The newly issued senior notes will not be registered under the Securities Act of 1933, as amended (“Securities Act”), or the securities laws of any other jurisdiction, and will not be offered or sold in the U.S. or to U.S. persons absent registration or an applicable exemption from the registration requirements. The offering of the notes will be made only to persons reasonably believed to be qualified institutional buyers in accordance with Rule 144A under the Securities Act and to non-U.S. persons in accordance with Regulation S under the Securities Act.

This press release is for informational purposes only and does not constitute an offer to sell, or a solicitation of an offer to buy, any security. No offer, solicitation, or sale will be made in any jurisdiction in which such an offer, solicitation, or sale would be unlawful. Any offers of the notes will be made only by means of a private offering memorandum.

About Diversey

Diversey’s mission is to protect and care for people through leading hygiene, infection prevention, and cleaning solutions. We develop and deliver innovative products, services, and technologies that save lives and protect our environment. Over the course of 95 years, the Diversey brand has become synonymous with product quality, service, and innovation.

Note Regarding Forward-Looking Statements

This press release contains forward-looking statements within the meaning of the Private Securities Litigation Reform Act of 1995. These forward-looking statements reflect Diversey’s current intentions, expectations or beliefs regarding the Notes offering and the anticipated use of the net proceeds therefrom. These statements may be preceded by, followed by or include the words “aim,” “anticipate,” “believe,” “estimate,” “expect,” “forecast,” “intend,” “likely,” “outlook,” “plan,” “potential,” “project,” “projection,” “seek,” “can,” “could,” “may,” “should,” “would,” “will,” the negatives thereof and other words and terms of similar meaning. Forward-looking statements include all statements that are not historical facts. Such forward-looking statements are subject to various risks and uncertainties. Accordingly, there are or will be important factors that could cause actual outcomes or results to differ materially from those indicated in these statements. There is no assurance that any forward-looking statements will materialize. You are cautioned not to place undue reliance on forward-looking statements, which reflect expectations only as of this date. Diversey does not undertake any obligation to publicly update or review any forward-looking statement, whether as a result of new information, future developments, or otherwise, except as required by law.

Diversey Holdings, Ltd.

Investor Contact:
Grant Graver
ir@diversey.com


FAQ

What is the purpose of Diversey Holdings' $500 million senior notes offering?

The offering aims to refinance existing senior secured credit facilities and redeem outstanding 5.625% Senior Notes due 2025.

What is the impact of the senior notes offering on DSEY shareholders?

The offering may enhance financial stability but could lead to dilution if the company issues more equity to manage debt.
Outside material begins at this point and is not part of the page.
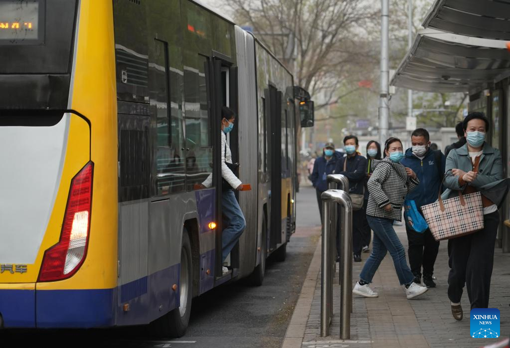 This photo taken on April 11, 2023 shows a bus station in Haidian District of Beijing, capital of China. Floating sand and dust affected Beijing on Tuesday. (Xinhua/Ren Chao)

When will Diversey redeem the 5.625% Senior Notes?

Diversey will redeem the notes at a price of 101.406% of the principal, conditioned on the successful completion of the new notes offering.

Who can purchase Diversey's new senior notes?

The notes will be offered only to persons believed to be qualified institutional buyers and non-U.S. persons.

What are the risks associated with the new senior notes offering by Diversey?

Risks include potential dilution for existing shareholders and dependency on the successful completion of the offering and refinancing.